### COLLECTED MATERIAL

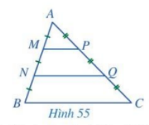 Cho tam giác ABC (Hình 55), các điểm M, N thuộc cạnh AB thỏa mãn
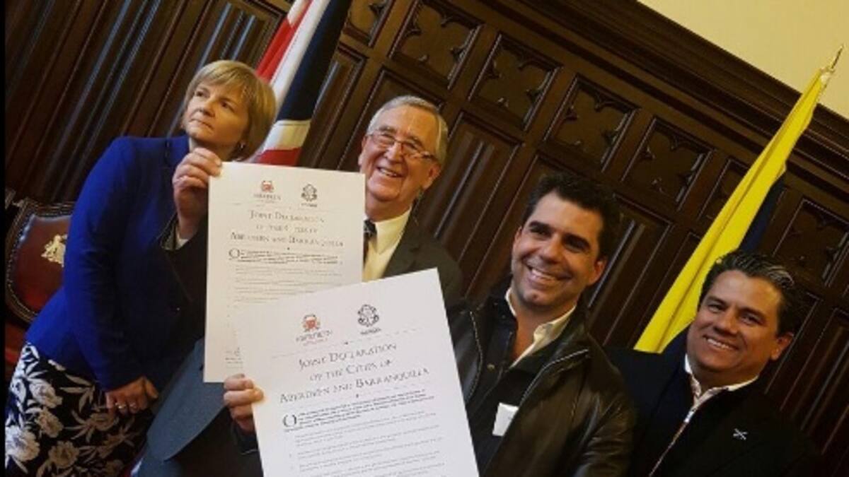 El alcalde Alejandro Char firmó este jueves el convenio de hermandad entre la ciudad de Barranquilla y Aberdeen, que busca la cooperación entre los territorios para el desarrollo de la industria del petróleo y gas en el Caribe colombiano.
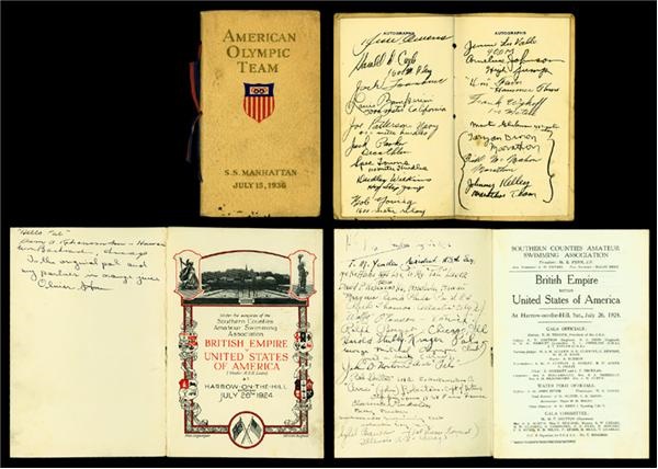 From the career of 4-time Olympian Fred Lauer who was a multiple medal winner and led the United States team into the stadium for the Opening Ceremonies in 1936 Berlin. 1) Elaborate passenger list from aboard the S.S. Manhattan when the “American Olympic Team” sailed to Berlin. 66 Olympian signatures: Jesse Owens, Archie Williams, Cornelius Johnson, Spec Townes, Frank Wykoff, Glenn Hardin, John Woodruff, Glenn Morris, Ralph Metcalfe, Glenn Cunningham, Mack Robinson (Jackie’s brother), plus Sam Stoller & Marty Glickman (victims of Hitler’s anti-Semitism). 6x3.5” book is EX, sigs NRMT. 2) “British Empire v. United States “ English swimming program with 26 sigs including Duke Kahanamoku & Johnny Weismuller. Spine separated o/w EX-MT, sigs NRMT. LOA.
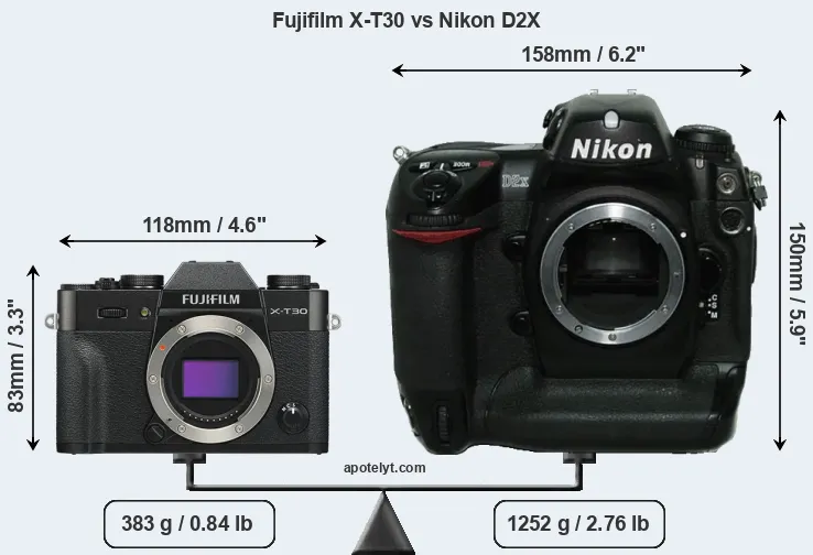 If the front view area (width x height) of the cameras is taken as an aggregate measure of their size, the Nikon D2X is considerably larger (142 percent) than the Fujifilm X-T30. Moreover, the D2X is substantially heavier (227 percent) than the X-T30. It is noteworthy in this context that the D2X is splash and dust-proof, while the X-T30 does not feature any corresponding weather-sealing.

### PROBLEM STATEMENT
Nothing but the lines from the first line of the data above through the line holding "El alcalde Alejandro" may appear in the response, copied exactly and without pictures.

### RESPONSE TO THIS EXERCISE
 Cho tam giác ABC (Hình 55), các điểm M, N thuộc cạnh AB thỏa mãn
 El alcalde Alejandro Char firmó este jueves el convenio de hermandad entre la ciudad de Barranquilla y Aberdeen, que busca la cooperación entre los territorios para el desarrollo de la industria del petróleo y gas en el Caribe colombiano.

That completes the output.